Cases presentation: 1.Case-Male born at 38th-week to a-38-year-old mother with prenatal diagnosis of bilateral central CDH, 22p11 deletion and double-outlet right ventricle with dextrocardia. He was intubated at birth, underwent bilateral CDH repair on postnatal-day-3, but died on the 12th postoperative day due to severe pulmonary hypoplasia.
2.Case- A-male born to a-34-year-old mother at 37-week of gestation with suspected prenatal left CDH/Diaphragmatic Eventration had spontaneous recovery from initial respiratory distress. Echocardiography revealed dextrocardia, patent foramen ovale and patent ductus arteriosus. He was discharged on the 4th day. Two-mount-later, stomach and intestinal gases were seen in the left hemithorax on X-ray. The left anterolateral hernia was repaired.
3.Case-Female born at 39th-week to a 26-year-old mother with prenatal left CDH diagnosisn was intubated due to respiratory distress at birth. Echocardiogram revealed dextrocardia, patent foramen ovale and ductus arteriosus. Left anterolateral CDH was repaired on postnatal-day-5.

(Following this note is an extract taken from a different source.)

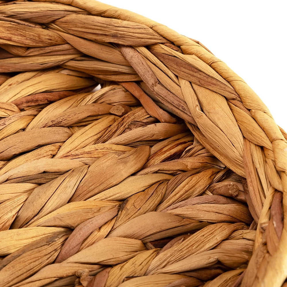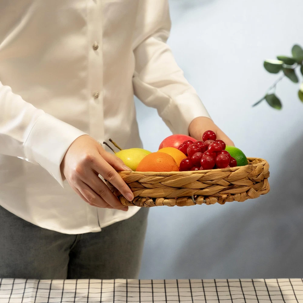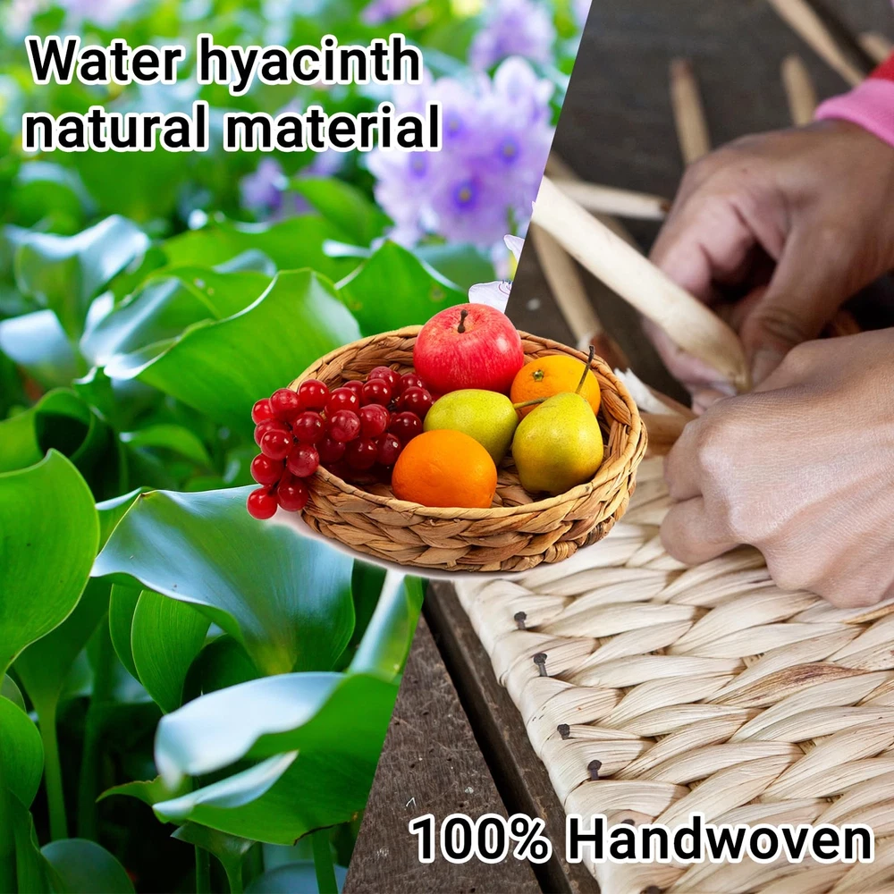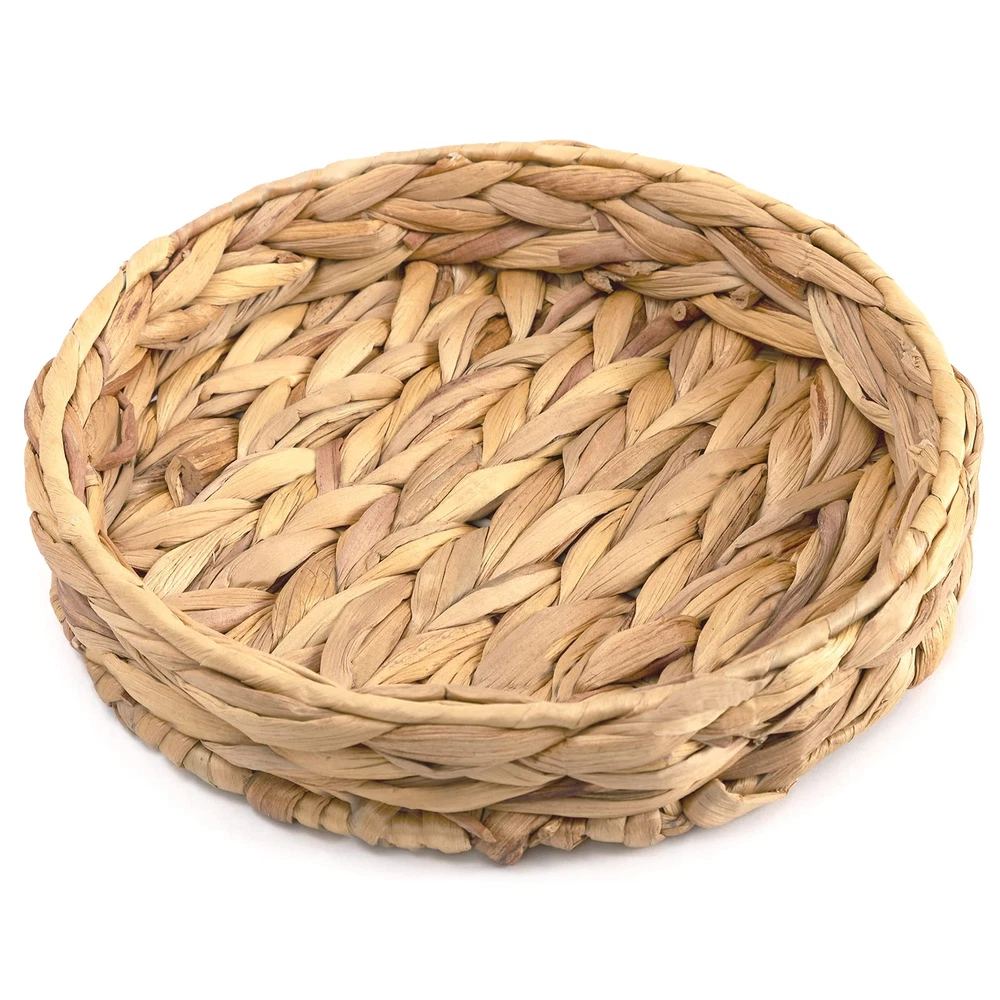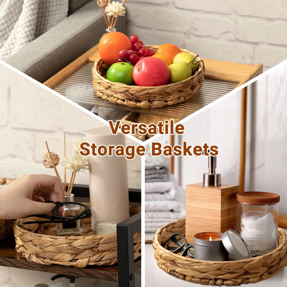 Our round wicker storage basket measures 9.8"L x 9.8"W x 2"H. Decorative water hyacinth tray for organizing. Size may vary within 1/4inch due to handwoven design DURABLE NATURAL BASKETS for ORGANIZING. Carefully handcrafted by skilled craftmen from 100% clean water hyacinth material and a steel frame for strength ADORABLE HIGH QUALITY TRAY. With natural colors mixed with hand-woven textures, our pantry baskets can be a versatile décor in your home. Both functional and decorative, can be used for a long time VERSATILE STORAGE BASKETS. The rustic wicker basket is ideal for holding hand towels, condiments, toiletries, makeups, fruits, snacks and clutters. Great for kitchens, pantries, bathrooms, living rooms, etc. Our woven trays can be stacked for easy storage when not in use. Please place in a dry and ventilated place. Periodically sun-dry to avoid mold and mildew. Easy clean with a dry towel. If you have any questions, please contact us and we will give you a satisfactory reply

Suspicion of dextroposition/dextrocardia was confirmed as dextrocardia by postnatal-echocardiography. Preliminary diagnosis was Bochdalek hernia, but during the operation anterolateral diaphragmatic defect were determined along anterolateral costal margins from the sternum. The left lobe of the liver, stomach, spleen and small intestines were herniated into the thorax in a-sac. The hernia sacs were removed and primary repair was performed. The first-case died at 15-day-old, and the other-two had uneventful follow-ups for two years.
Conclusion: Mediastinal shift and dextroposition are expected conditions in CDH. It should be kept in mind that the presence of dextrocardia may indicate anterolateral CDH.